1
2
3
4
5
6
7
8
9
10
11
12
13
14
15
16
17
18
19
20
21
22
23
24
25
26
27
28
29
30
31
32
33
34
35
36
37
38
39
40
41
42
43
44
45
46
47
48
49
50
51
52
53
54
55
56
57
58
59
60
61
62
63
64
65
66
|
% Enums
An `enum` in Rust is a type that represents data that could be one of
several possible variants:
```rust
enum Message {
Quit,
ChangeColor(i32, i32, i32),
Move { x: i32, y: i32 },
Write(String),
}
```
Each variant can optionally have data associated with it. The syntax for
defining variants resembles the syntaxes used to define structs: you can
have variants with no data (like unit-like structs), variants with named
data, and variants with unnamed data (like tuple structs). Unlike
separate struct definitions, however, an `enum` is a single type. A
value of the enum can match any of the variants. For this reason, an
enum is sometimes called a ‘sum type’: the set of possible values of the
enum is the sum of the sets of possible values for each variant.

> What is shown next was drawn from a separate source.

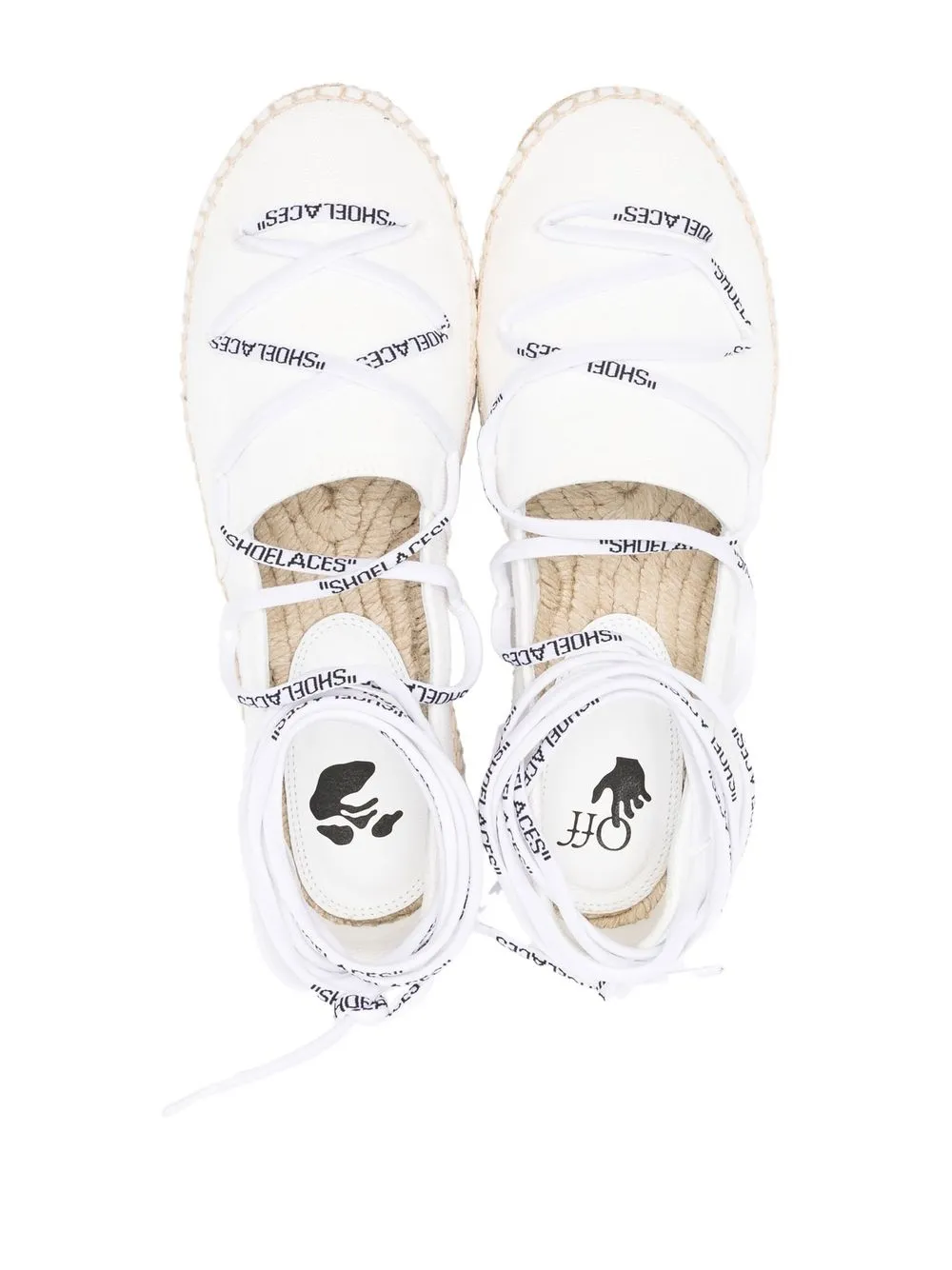 Each season Off-White presents designs that are classic with logo-printed finishes. These espadrilles take on a classic profile with a raffia sole which contrasts the logo laces for a final stamp.

We use the `::` syntax to use the name of each variant: they’re scoped by the name
of the `enum` itself. This allows both of these to work:
```rust
# enum Message {
# Move { x: i32, y: i32 },
# }
let x: Message = Message::Move { x: 3, y: 4 };
enum BoardGameTurn {
Move { squares: i32 },
Pass,
}
let y: BoardGameTurn = BoardGameTurn::Move { squares: 1 };
```
Both variants are named `Move`, but since they’re scoped to the name of
the enum, they can both be used without conflict.
A value of an enum type contains information about which variant it is,
in addition to any data associated with that variant. This is sometimes
referred to as a ‘tagged union’, since the data includes a ‘tag’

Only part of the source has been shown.